Departments across the country are taking part in National Night Out on Tuesday, a marketing event in which cops chat it up with people in neighborhoods and reinforce the Mayor Andy Berke’s community policing concept. A website for the national effort, enjoying its 35th year, says National Night Out is a “community-building campaign that promotes police-community partnerships and neighborhood camaraderie to make our neighborhoods safer, more caring places to live.”

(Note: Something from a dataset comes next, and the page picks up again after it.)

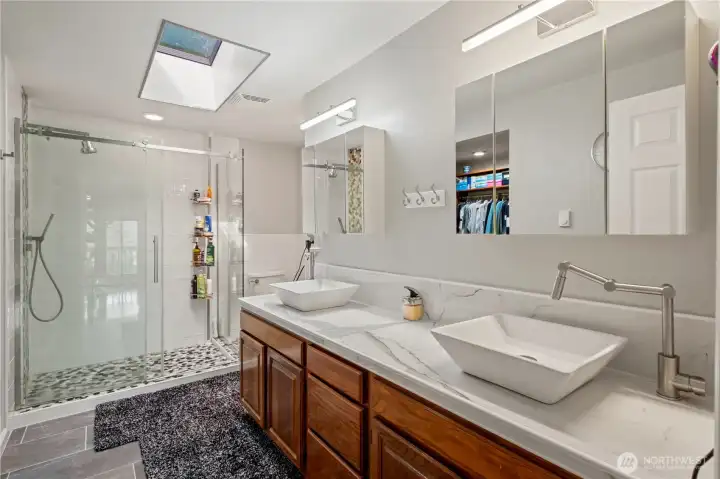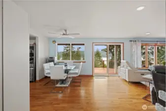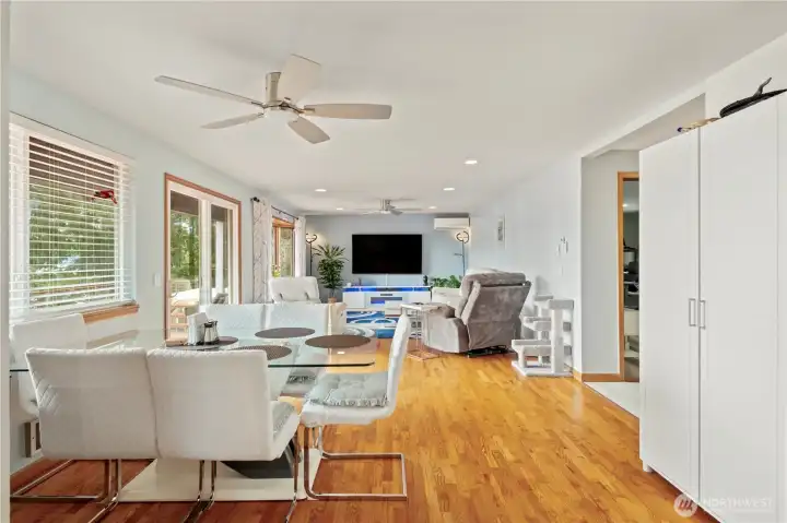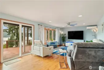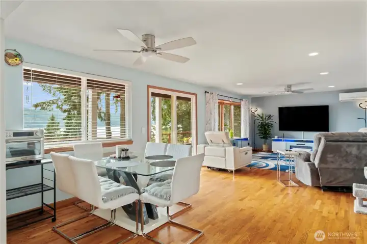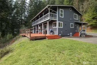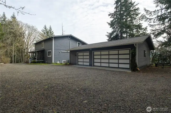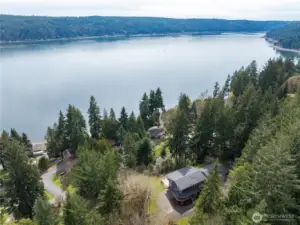 Imagine waking up to awe-inspiring views of Hood Canal, watching orcas, eagles, otters and other wildlife from every bedroom in this magnificent two-story sanctuary! This 4-bedroom, 3-bathroom home has been meticulously upgraded with new paint, windows, doors, and flooring. Every bathroom has been artfully remodeled, including the master ensuite, which includes a large walk-in closet. The open-concept living room and kitchen are perfect for entertaining, while the new ductless A/C unit ensures comfort year-round. Add a whole-house generator hookup, an oversized three-car garage with an E-car charging station hookup, hot tub, and a private beach and boat ramp. A dedicated office/playroom makes this property functional as well as beautiful. This is an ASSUMABLE VA Loan with a manageable Gap.

Officers in 13 locations in Chattanooga meet those members of the public who might otherwise view cops with loathing or dread. Officers wear full armor, guns and ammo magazines, says spokesman Trevor Tomas. They do nothing to redraw the picture of militarization and “escalation” that is a chief catalyst of Miss Mott’s reforming spirit.
The group says the event seeks to restore “a true sense of community” and lets the police and the policed come ”together under positive circumstances.”
The hoopla relies on sympathetic citizens to show up. “Neighborhoods host block parties, festivals, parades, cookouts and various other community events with safety demonstrations, seminars, youth events, visits from emergency personnel, exhibits and much, much more.”
Every Thursday the department holds a citizens police academy, also an outreach program to humanize police officers and suggest the residents of Chattanooga should have an affinity with officers and help them solve cases and maintain public order.